In contrast, a number of other studies have demonstrated ways in which synchrony can work as a form of social glue that creates social bonds (e.g., Mogan et al. 2017; Vacharkulksemsuk and Fredrickson 2012; Vicaria and Dickens 2016) even after belongingness needs are threatened (Lakin et al. 2008). From the perspective of bonding, strangers, rather than friends, would take the benefit of bonding effect. In studies of children, the bonding effect of synchrony was salient for out-group members via the minimal group paradigm; however, its impact was significantly less among in-group members (Tunçgenç and Cohen 2016). Similarly, another study found that out-group members showed more synchrony in performing repetitive rhythmic actions than the in-group ones (Miles et al. 2011). Given that synchrony provides an effective means for individuals to develop relationships, such results can be considered from the perspective of motivational processes whereby friends (or in-group members) with already close relationships may have little need to further deepen their intimacy, while strangers are motivated to diminish minor interpersonal differences in order to accomplish a task. In their behavioral mimicry study, Lakin et al. (2008) illustrated that individuals excluded by an in-group member selectively exhibited increased coordinated behavior (i.e., mimicry) toward a subsequent interaction partner from the in-group. In a situation in which friendship or in-group membership has been established, synchrony will not work well as social glue because their goal of establishing their affiliation has been already fulfilled.

To investigate these two non-exclusive possibilities regarding the representing and bonding effects of synchrony (i.e., rhythmic similarities), Study 2 manipulated interaction partners such that participants were alternately engaged with a same-sex stranger or a friend. Then, the extent of synchrony and its bonding effect was investigated from the perspectives of representing and bonding. From the perspective of representing, it was expected that interactions between friends would exhibit more synchrony, while from the perspective of bonding, the bonding effect of synchrony would be more salient for strangers than for friends. All procedures performed in both the studies were approved by the Ethics Committee of the Faculty of Human Sciences, Osaka University of Economics.

Study 1

Method

Participants

In exchange for extra course credit, 88 Japanese undergraduates volunteered to participate in the experiment. Each participant was randomly paired with a same-gender stranger.
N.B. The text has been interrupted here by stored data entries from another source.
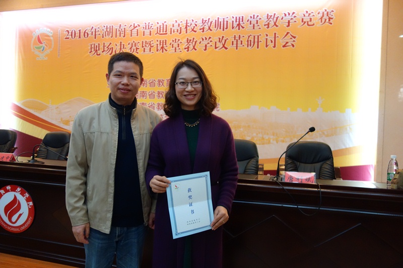 10月29日,由湖南省教育厅、湖南省教育工会主办,湖南省教育科学研究院承办的“2016年湖南省普通高校教师课堂教学竞赛决赛暨课堂教学改革研讨会”在衡阳师范学院举行。我院副院长蔡海军带领参赛选手杨昭昭老师与会。杨昭昭凭借高超的教学艺术摘得大赛文科组一等奖,并被授予“湖南省普通高校教学能手”荣誉称号。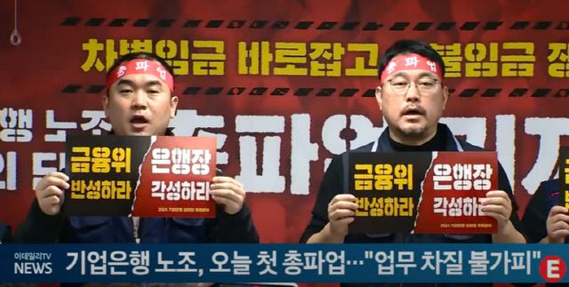 기업은행에 따르면 이날 오전 10시 영업점 직원의 약 55%가 이날 파업에 동참한 것으로 잠정 집계됐습니다.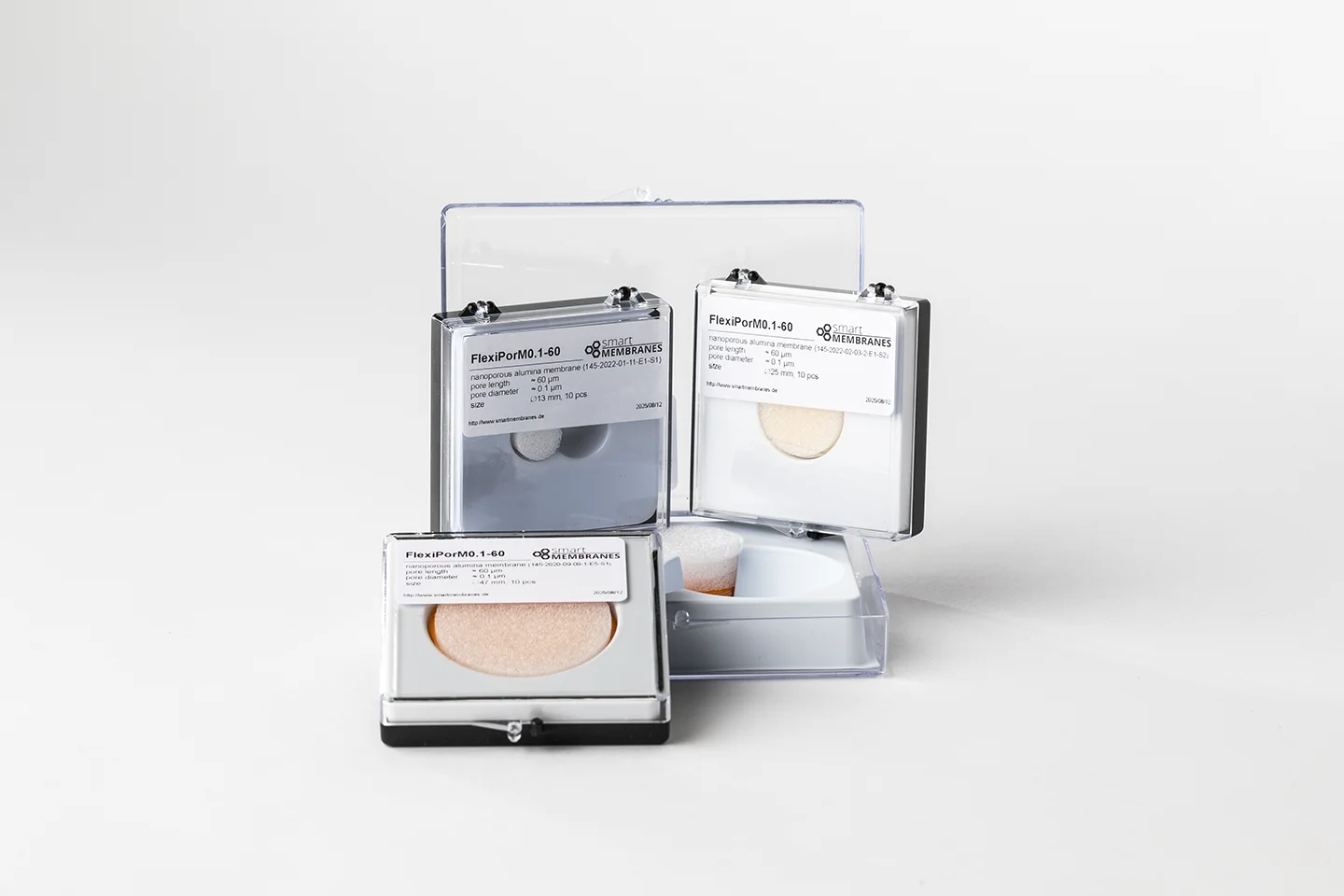 FlexiPor ist eine Produktlinie aus nanoporösem Aluminiumoxid mit einer asymmetrischen Porenstruktur, bei der beide Membranseiten unterschiedliche Funktionen erfüllen. Die Oberseite weist größere, über die gesamte Porenlänge konstante Porendurchmesser auf und ermöglicht einen hohen Durchfluss. Die Unterseite definiert durch kleinere Porenöffnungen die effektive Filtrationsgrenze, die je nach Ausführung gezielt eingestellt werden kann.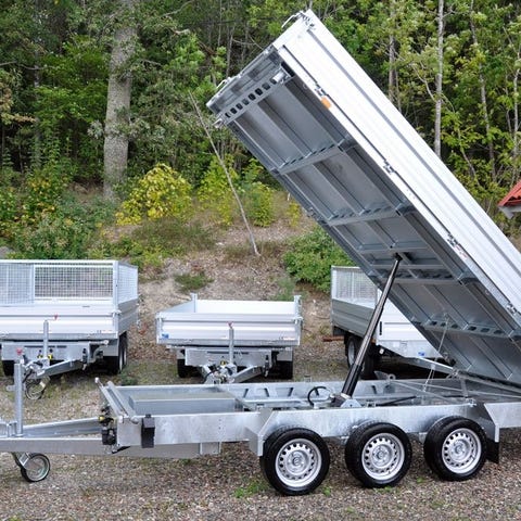 Martz trevägstipp är ett tippbart släp byggd på en kraftig helsvetsad flakbotten. 4 leds-kulkopplingar möjliggör tippning bakåt eller sidor.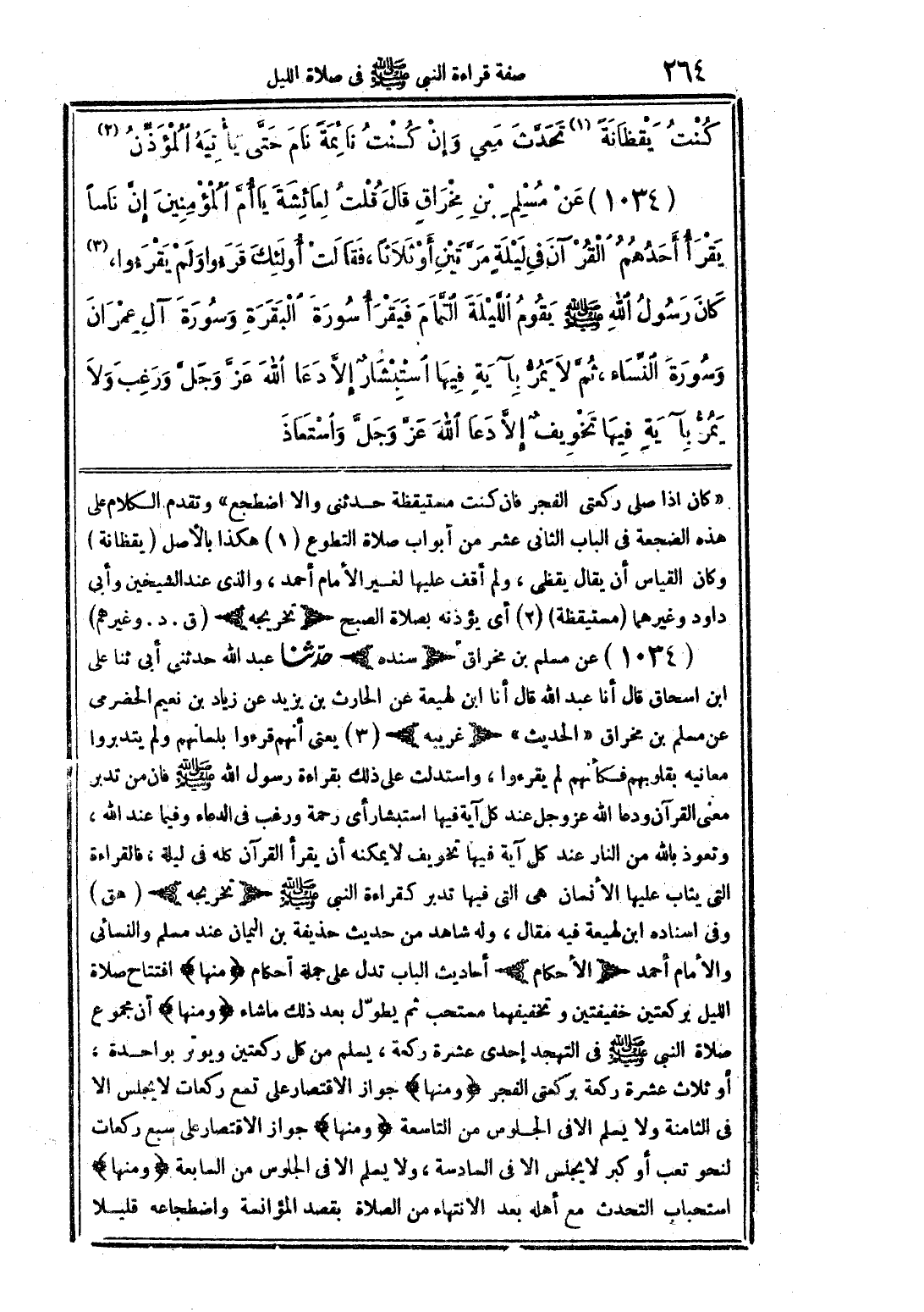 (1034) عن مسلم بن مخراقٍ قال قلت لعائشة يا أم المؤمنين إن ناسًا يقرأ أحدهم القرآن في ليلةٍ مرتين أو ثلاثًا، فقالت أولئك قرءوا ولم يقرءوا (3)، كان رسول الله صلى الله عليه وسلم يقوم الليلة التمام فيقرأ سورة البقرة وسورة آل عمران وسورة النساء، ثم لا يمر بآيةٍ فيها استبشارٌ إلا دعا الله عز وجل ورغب ولا يمر بآيةٍ فيها تخويفٌ إلا دعا الله عز وجل واستعاذ

In two cases, the conversations were not captured due to a malfunction in the video equipment and were removed from a subsequent analysis, such that a total of 42 dyads from 84 participants (46 males, 38 females, Mage = 18.77, SDage = 1.07) were analyzed.

Procedures

First, the participants completed a consent form while seated back-to-back; then they were seated opposite to each other at a distance of 80 cm and were instructed to become acquainted with each other by engaging in a 6-min conversation about any topic of their choice. The conversations were video-recorded using a camcorder placed 330 cm away from and to the right side of the participants. After the conversation, each participant completed a questionnaire on rapport.

Rapport Questionnaire

Perceived rapport was measured using three items selected from Bernieri et al. (1996): cooperative, involving, and awkward (reversed) (α = .83) on an 8-point scale ranging from 1 (not at all) to 8 (very much). This short version was created from the translated scale of Bernieri’s 18-items scale for the Japanese participants and its reliability was sufficient (Kimura et al. 2005).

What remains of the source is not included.